• Work item
Only the lines from the one with "Lot 273: Group" through the final line below belong in the answer, copied exactly and without pictures.

• Given data
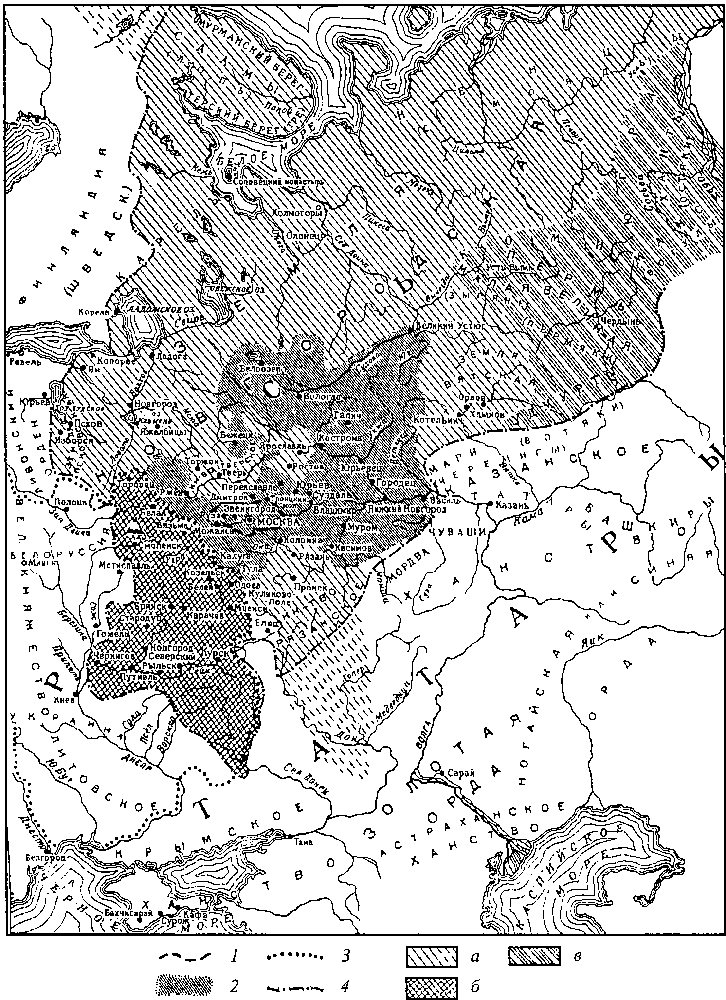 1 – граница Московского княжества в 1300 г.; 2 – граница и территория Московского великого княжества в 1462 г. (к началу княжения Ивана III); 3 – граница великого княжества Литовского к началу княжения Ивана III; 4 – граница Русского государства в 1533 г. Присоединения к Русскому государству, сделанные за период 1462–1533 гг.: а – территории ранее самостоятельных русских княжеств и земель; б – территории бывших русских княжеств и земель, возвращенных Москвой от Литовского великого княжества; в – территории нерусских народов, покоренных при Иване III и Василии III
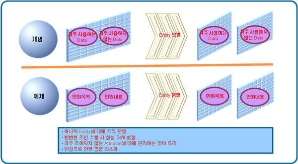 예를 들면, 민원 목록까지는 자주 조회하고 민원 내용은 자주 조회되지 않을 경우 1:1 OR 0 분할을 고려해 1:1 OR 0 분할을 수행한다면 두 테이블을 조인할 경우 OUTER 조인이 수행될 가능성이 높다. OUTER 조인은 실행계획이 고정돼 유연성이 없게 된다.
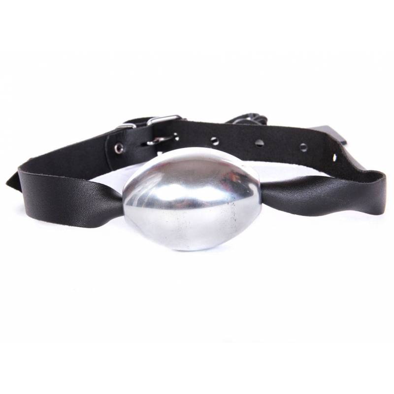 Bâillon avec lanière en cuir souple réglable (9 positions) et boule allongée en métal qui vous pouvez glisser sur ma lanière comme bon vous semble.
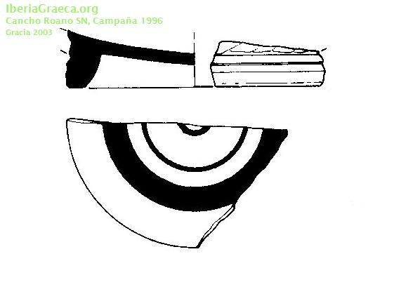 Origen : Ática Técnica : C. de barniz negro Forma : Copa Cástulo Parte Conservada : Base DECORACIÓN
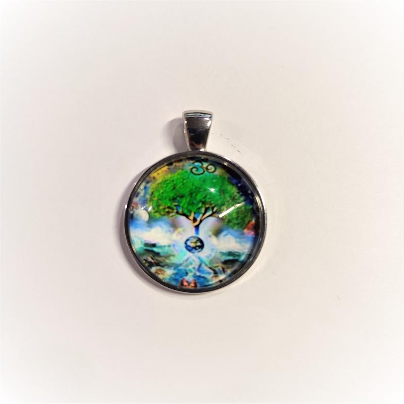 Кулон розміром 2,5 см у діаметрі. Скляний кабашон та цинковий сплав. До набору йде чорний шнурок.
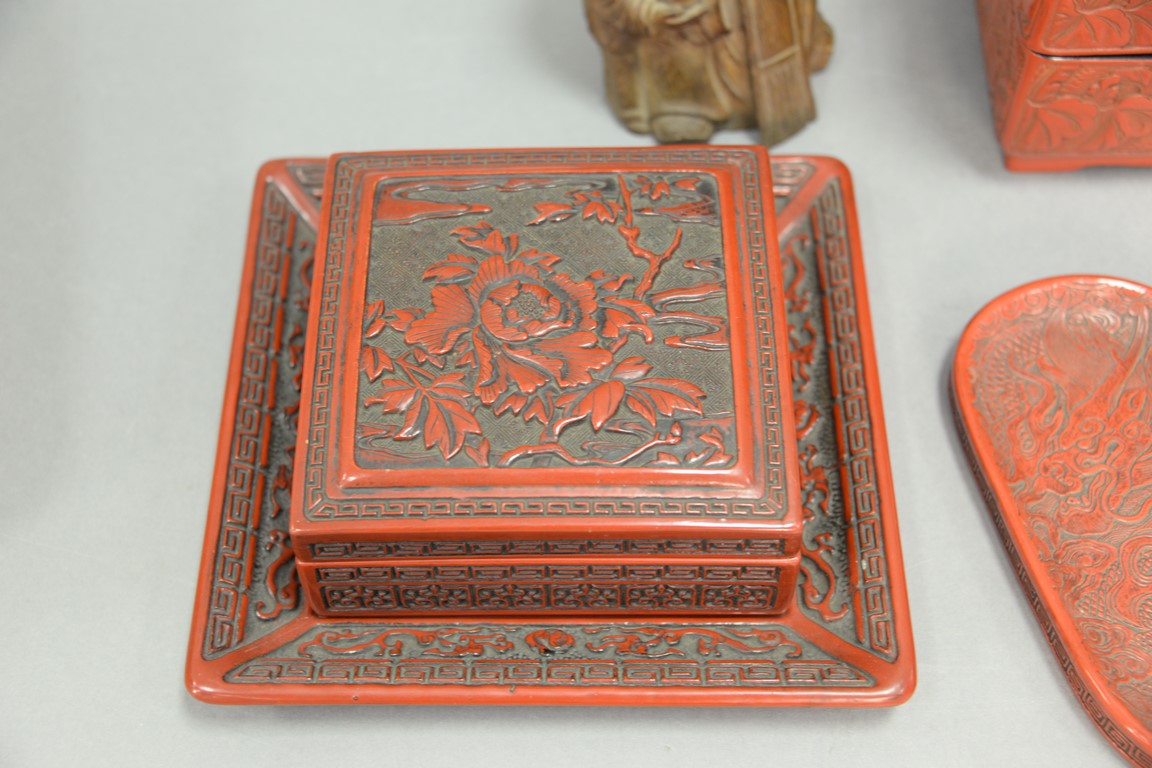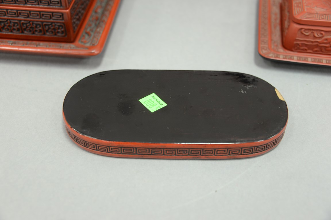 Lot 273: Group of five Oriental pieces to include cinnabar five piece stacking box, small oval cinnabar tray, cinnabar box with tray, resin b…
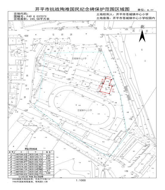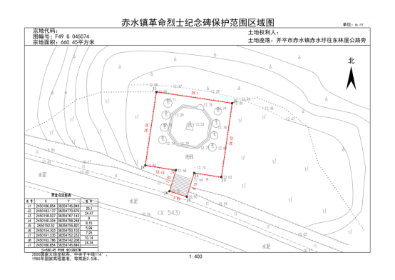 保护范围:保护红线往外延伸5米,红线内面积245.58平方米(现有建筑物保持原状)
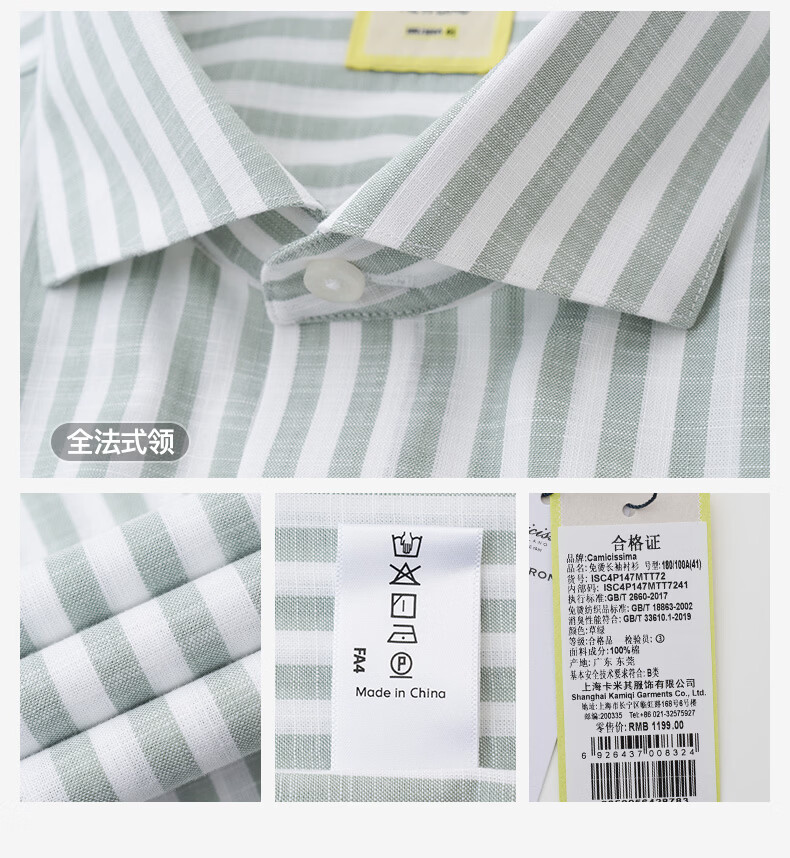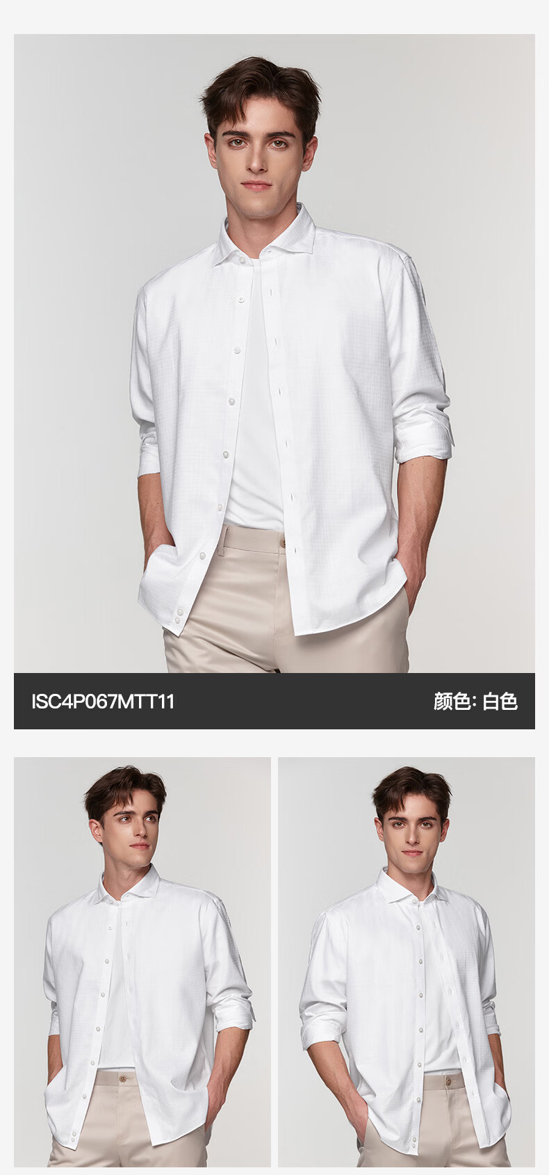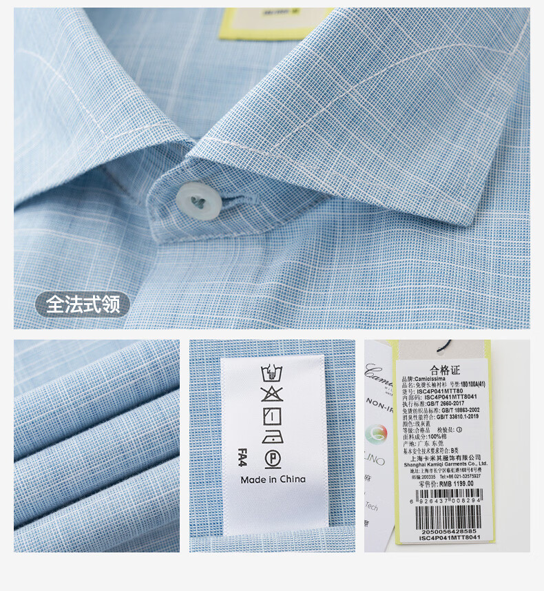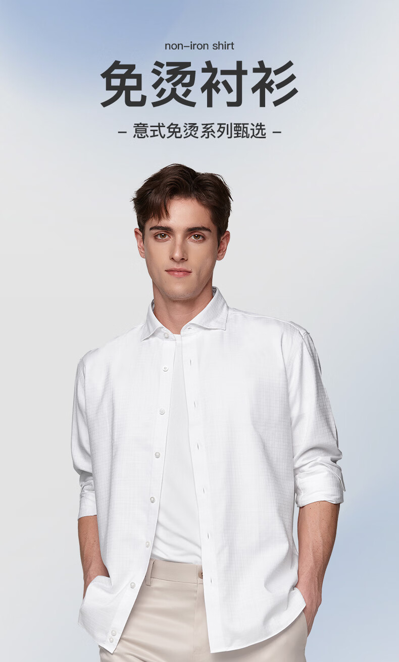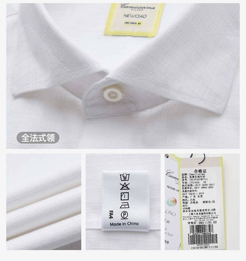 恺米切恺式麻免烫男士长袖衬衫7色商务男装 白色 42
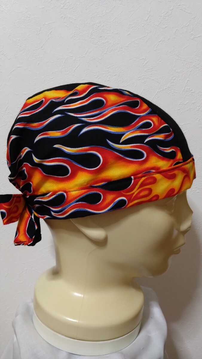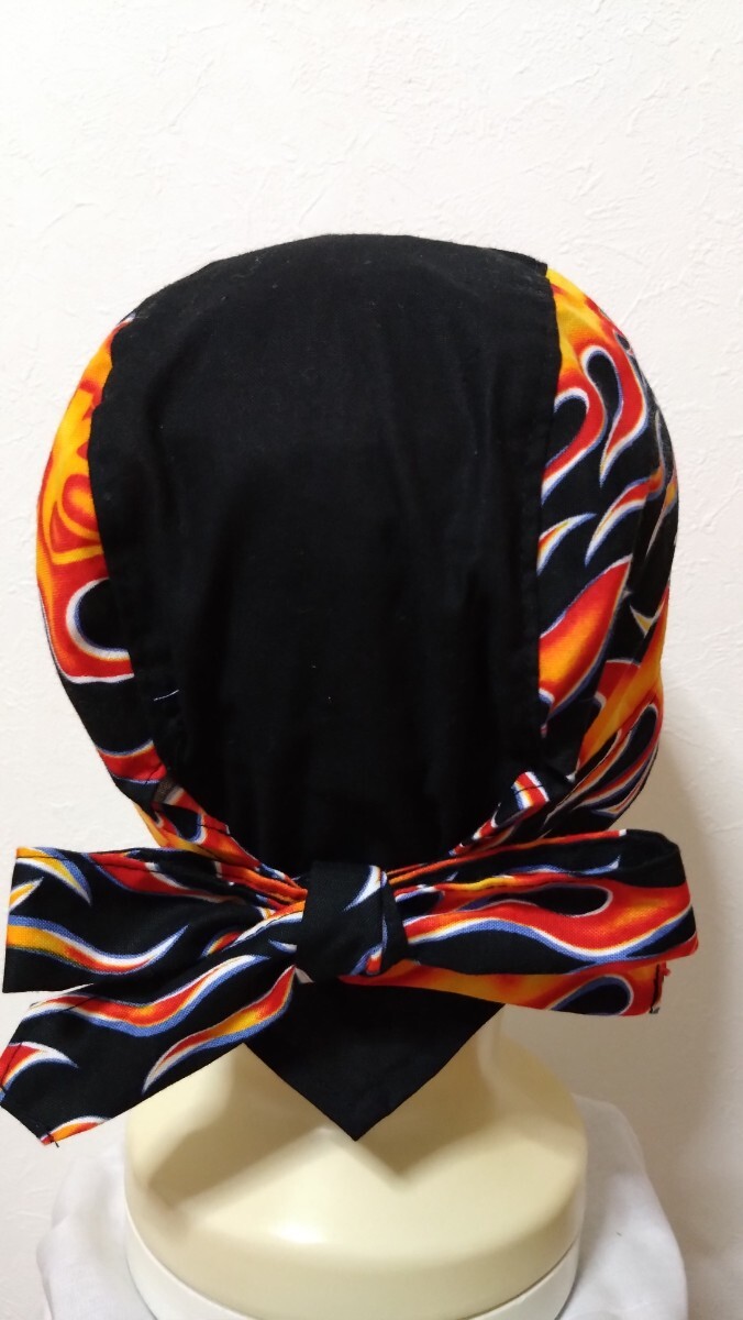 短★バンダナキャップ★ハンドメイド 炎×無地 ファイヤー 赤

• Written answer
 Lot 273: Group of five Oriental pieces to include cinnabar five piece stacking box, small oval cinnabar tray, cinnabar box with tray, resin b…
 保护范围:保护红线往外延伸5米,红线内面积245.58平方米(现有建筑物保持原状)
 恺米切恺式麻免烫男士长袖衬衫7色商务男装 白色 42
 短★バンダナキャップ★ハンドメイド 炎×無地 ファイヤー 赤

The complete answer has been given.